Required action. Each line in the material below, starting at the one that contains "Faites vibrer la" and ending at the one that contains "箱の文字がいかにも中国製。そ", should be repeated exactly; the pictures should not.

━━━━━ Given records ━━━━━

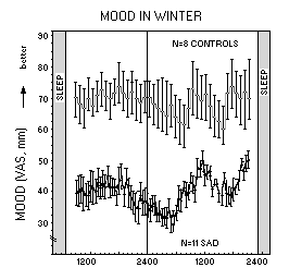 | Circadian rhythm of half-hourly self-ratings of mood (Visual Analogue Scale, VAS, mean ± sem): 0 mm = extremely depressed mood; 50 mm = euthymia; 100 mm = extremely good mood) throughout a total sleep deprivation during a 40-hr constant routine protocol (see ref. 74 . The subjects slept in the laboratory before and after the constant routine. The vertical line is anchored at midnight. Two groups of women were studied in winter, in the follicular phase of their menstrual cycle, when present: patients diagnosed as SAD, N = 11, aged 46.5 ± 3.9 years (Hamilton Depression Scale score = 13.9 ± 1.5) and matched nondepressed controls, N = 8, aged 50.4 ± 4.4 years. ANOVA for repeated measures was carried out using 1.5 hourly averages. This showed that (a) controls had higher mood ratings than SAD {F(1,17) = 58.6, p = 0.0001.}; (b) both groups showed a circadian rhythm {F(23,391) = 2.8, p = 0.0001.}; (c) the time course of mood change was different in the two groups. SAD showed a mood improvement with sleep deprivation, controls rather a decline: {interaction term F(23,391) = 1.7, p = 0.026.} (Wirz-Justice et al., unpublished data). |
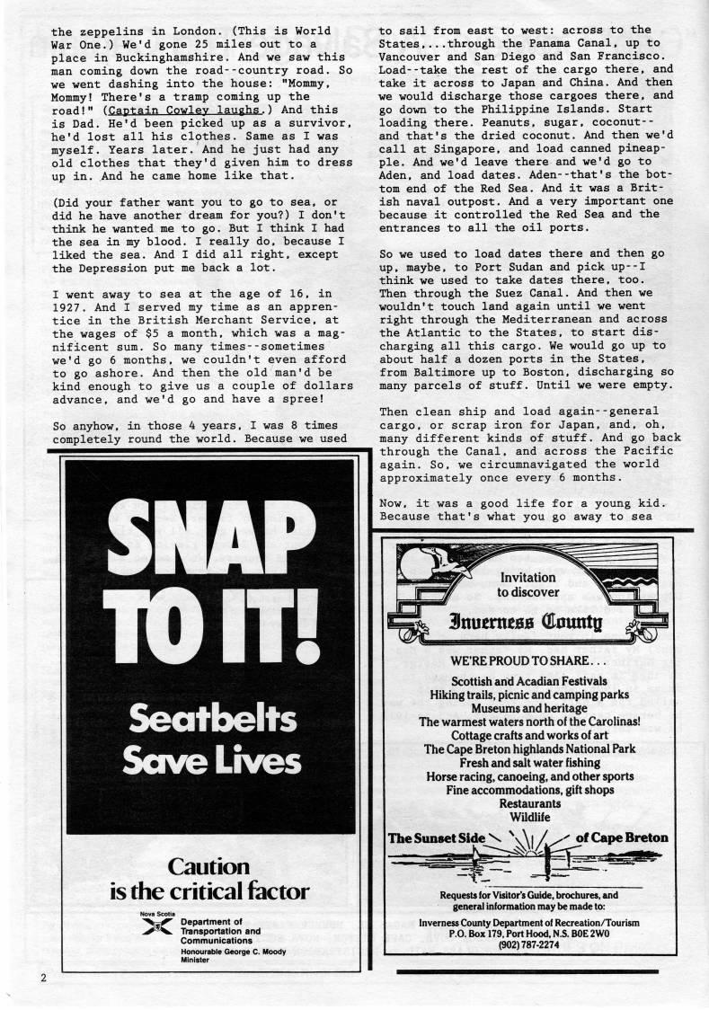 Published by Ronald Caplan on 1990/6/1 (1014 reads)the Zeppelins in London. (This is World War One.) We'd gone 25 miles out to a place in Buckinghamshire. And we saw this man coming down the road--country road. So we went dashing into the house: "Mommy, Mommy! There's a tramp coming up the road!" (Captain Cowlev laughs.) And this is Dad. He'd been picked up as a survivor, he'd lost all his clothes. Same as I was myself. Years later. And he just had any old clothes that they'd given him to dress up in. And he came home like that. (Did your father want you to go to sea, or did he have another dream for you?) I don't think he wanted me to go. But I think I had the sea in my blood. I really do, because I liked the sea. And I did all right, except the Depression put me back a lot. I went away to sea at the age of 16, in 1927. And I served my time as an appren? tice in the British Merchant Service, at the wages of $5 a month, which was a mag? nificent sum. So many times--sometimes we'd go 6 months, we couldn't even afford to go ashore. And then the old man'd be kind enough to give us a couple of dollars advance, and we'd go and have a spree! So anyhow, in those 4 years, I was 8 times completely round the world. Because we used Seatbelts Save Lives Caution is the critical factor >C Department of Transportation and Communications to sail from east to west: across to the States,...through the Panama Canal, up to Vancouver and San Diego and San Francisco. Load--take the rest of the cargo there, and take it across to Japan and China. And then we would discharge those cargoes there, and go down to the Philippine Islands. Start loading there. Peanuts, sugar, coconut-- and that's the dried coconut. And then we'd call at Singapore, and load canned pineap? ple. And we'd leave there and we'd go to Aden, and load dates. Aden--that's the bot? tom end of the Red Sea. And it was a Brit? ish naval outpost. And a very important one because it controlled the Red Sea and the entrances to all the oil ports. So we used to load dates there and then go up, maybe, to Port Sudan and pick up--I think we used to take dates there, too. Then through the Suez Canal. And then we wouldn't touch land again until we went right through the Mediterranean and across the Atlantic to the States, to start dis? charging all this cargo. We would go up to about half a dozen ports in the States, from Baltimore up to Boston, discharging so many parcels of stuff. Until we were empty. Then clean ship and load again--general cargo, or scrap iron for Japan, and, oh, many different kinds of stuff. And go back through the Canal, and across the Pacific again. So, we circumnavigated the world approximately once every 6 months. Now, it was a good life for a young kid. Because that's what you go away to sea WE'RE PROUD TO SHARE... Scottish arid Acadian Festivals Hiking trails, picnic and camping parks Museums and heritage The warmest waters north of the Carolinas! Cottage crafts and works of art The Cape Breton highlands National Park Fresh and salt water fishing Horse racing, canoeing, and other sports Fine accommodations, gift shops Restaurants WUdlife The Sunset Side ' | / -T- of Cape Breton Requests for Visitor's Guide, brochures, and general information may be made to: Inverness County Department of Recreation/Tourism P.O. Box 179. Port Hood, N.S. BOE 2W0 (902)787-2274
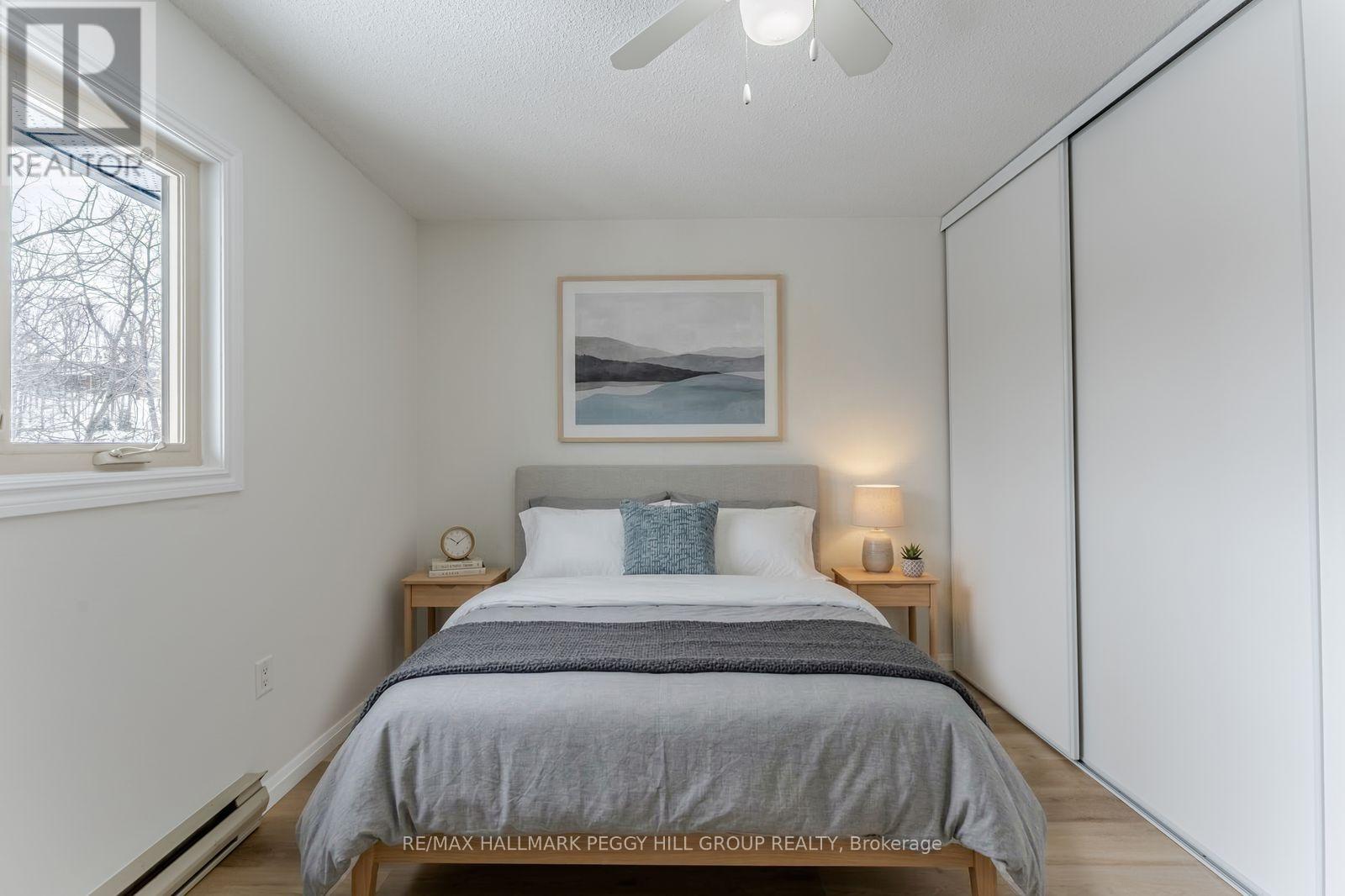 LOW-MAINTENANCE LIVING WITH TREED VIEWS & THOUGHTFUL UPDATES IN BARRIE'S SOUGHT-AFTER ARDAGH NEIGHBOURHOOD! More than 1,100 square feet gives this 2-storey condo townhouse a layout that feels bright, open, and well-sized, with a sun-filled main floor where the living and dining area gathers around a natural gas fireplace and extends to a balcony tucked into the trees. Light grey cabinetry, a tile backsplash, recently updated appliances, and open sightlines into the dining area give the kitchen a fresh look and an easy connection to the rest of the space. Upstairs, three bedrooms offer room for family, guests, or a home office, including a primary bedroom with a large closet, served by a 4-piece bathroom. Newly updated vinyl flooring throughout and newer closet doors bring a refreshed finish, while the main floor laundry room and an owned driveway parking spot close to the front door add real day-to-day convenience. Set on a quiet court in Barrie's Ardagh neighbourhood, this home is within walking distance to shopping, dining, groceries, parks, and public transit, with quick access to Highway 400, the Allandale Waterfront GO Station, Kempenfelt Bay, Centennial Beach, scenic trails, shoreline parks, and downtown Barrie. Low monthly maintenance fees include water, building insurance, and parking, and the condo complex also offers an exercise room, tennis and basketball courts, an outdoor pool, and visitor parking. An ideal #HomeToStay for those seeking affordability, thoughtful updates, and a location that puts everything within reach! (id:64974)
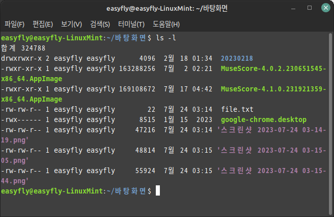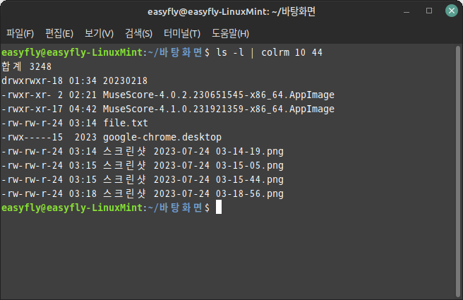 파일 리스트를 출력할 때, 'colrm 10 44'를 리다이렉트로 사용하면 다음과 같이 깨끗하게 볼 수 있습니다.
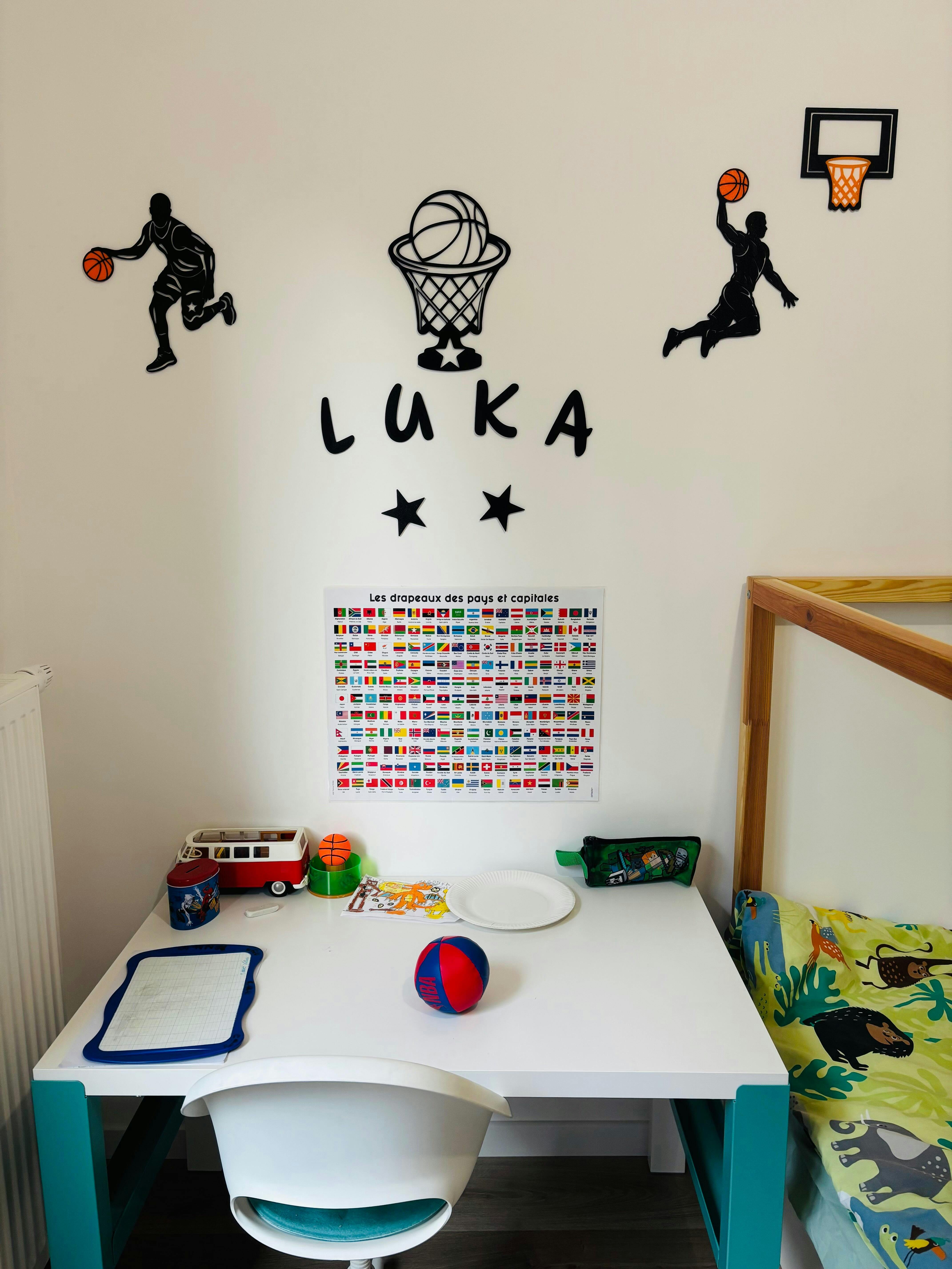 Faites vibrer la chambre de votre enfant avec cette décoration murale basket personnalisée avec prénom, idéale pour les passionnés de basketball.
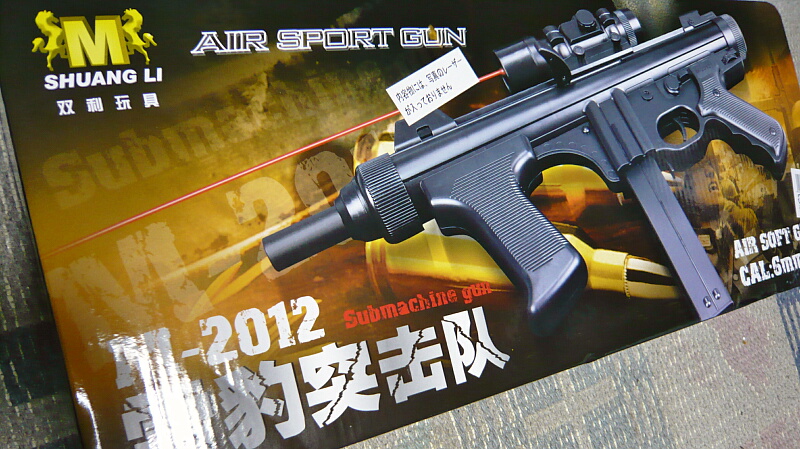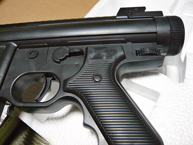 箱の文字がいかにも中国製。そういや中華エアコキの外箱の写真では多くがレーザーポインターを装備してますが、あちらでは流行ってるんでしょうか?もっとも、日本ではレーザーポインターは今世紀に入ってから規制されてしまったのでほとんど入ってくる事はないでしょう・・・
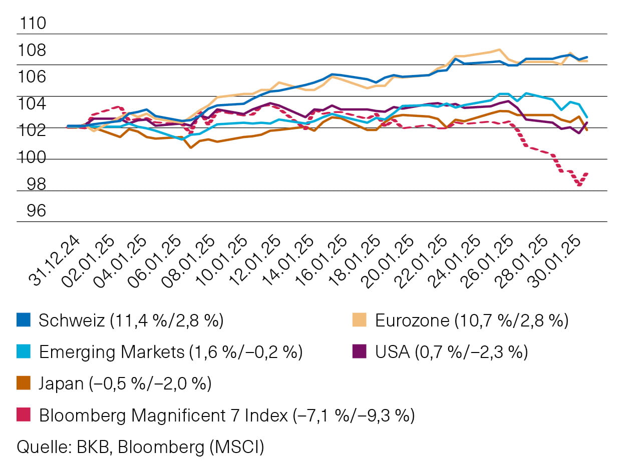 Die europäischen Aktienmärkte konnten im Februar ihre Aufwärtsbewegung – mit einem Plus von 2,8 % in CHF sowohl für die Schweiz als auch für die Eurozone – weiter fortsetzen und haben seit Jahresbeginn eine Performance von rund 11 % erzielt. Im Gegensatz dazu musste der amerikanische Aktienmarkt im Februar Einbussen hinnehmen. Diese waren zu einem grossen Teil den teils deutlichen Kursverlusten von Indexschwergewichten der «Glorreichen 7», insbesondere Tesla, Alphabet/Google und Amazon, geschuldet. Der exportorientierte japanische Aktienmarkt litt unter einer weiteren Aufwertung des Yen. Der Schwellenländerindex konnte sich dank Kursgewinnen am chinesischen Aktienmarkt halten, der unter anderem durch ein Treffen von Präsident Xi mit Unternehmensführern und Hoffnungen auf nationale Kapazitäten im Bereich künstlicher Intelligenz beflügelt wurde (Abb. 1).
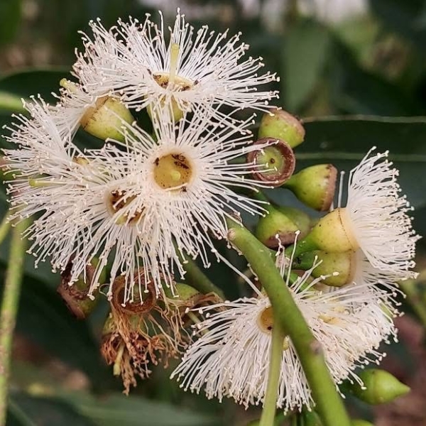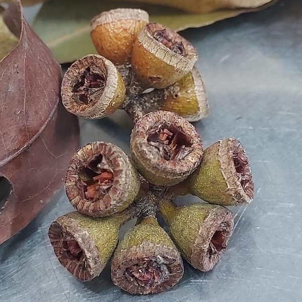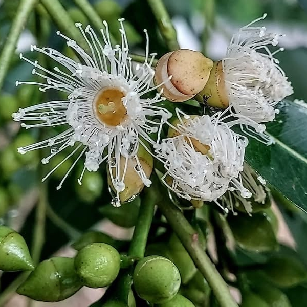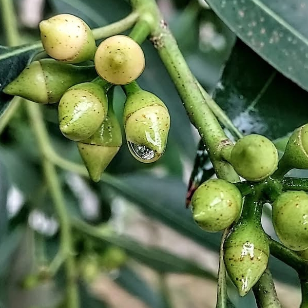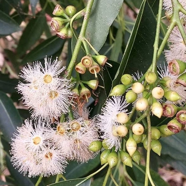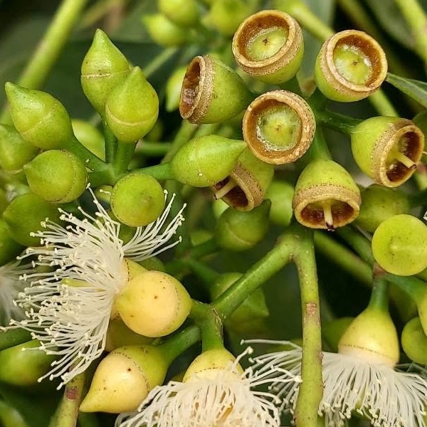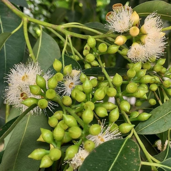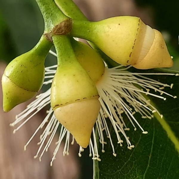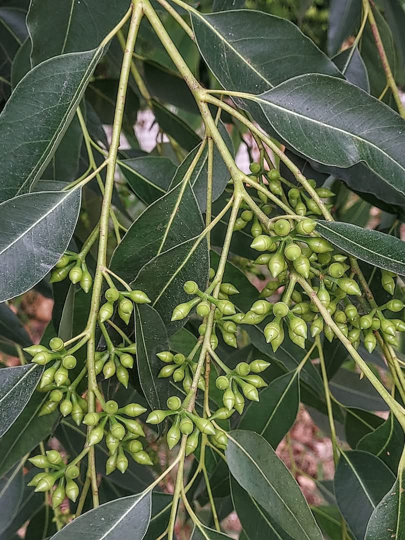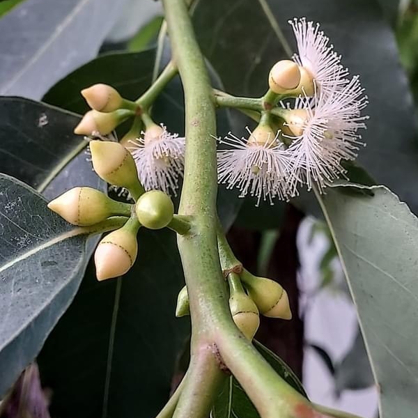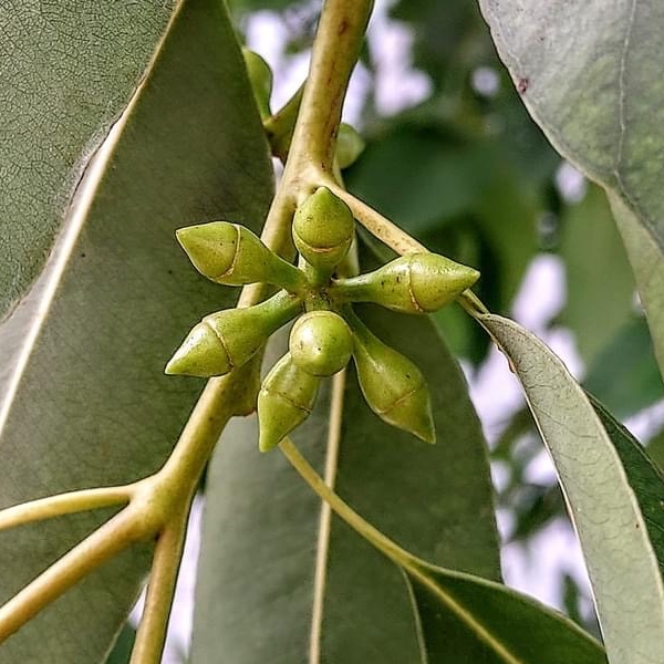 (栽培種;常綠中喬木至大喬木,樹高可達20公尺以上;樹皮深紅褐色,鬆軟;單葉互生,長卵形至披針形,搓揉有芳香氣味;繖形花序,腋生,每花序4~10朵花,花冠白色,雄蕊多數;開花時花蓋脫落;蒴果盃形)
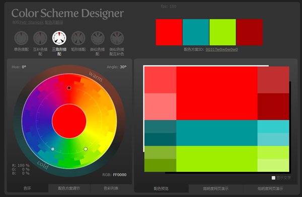 2、如果你还在为获取web颜色而烦恼的话,建议你使用Color Scheme Designer取色工具,以不同的模式,可以让你一下获取相近的四个颜色。

━━━━━

Answer box.
 Faites vibrer la chambre de votre enfant avec cette décoration murale basket personnalisée avec prénom, idéale pour les passionnés de basketball.
 箱の文字がいかにも中国製。そういや中華エアコキの外箱の写真では多くがレーザーポインターを装備してますが、あちらでは流行ってるんでしょうか?もっとも、日本ではレーザーポインターは今世紀に入ってから規制されてしまったのでほとんど入ってくる事はないでしょう・・・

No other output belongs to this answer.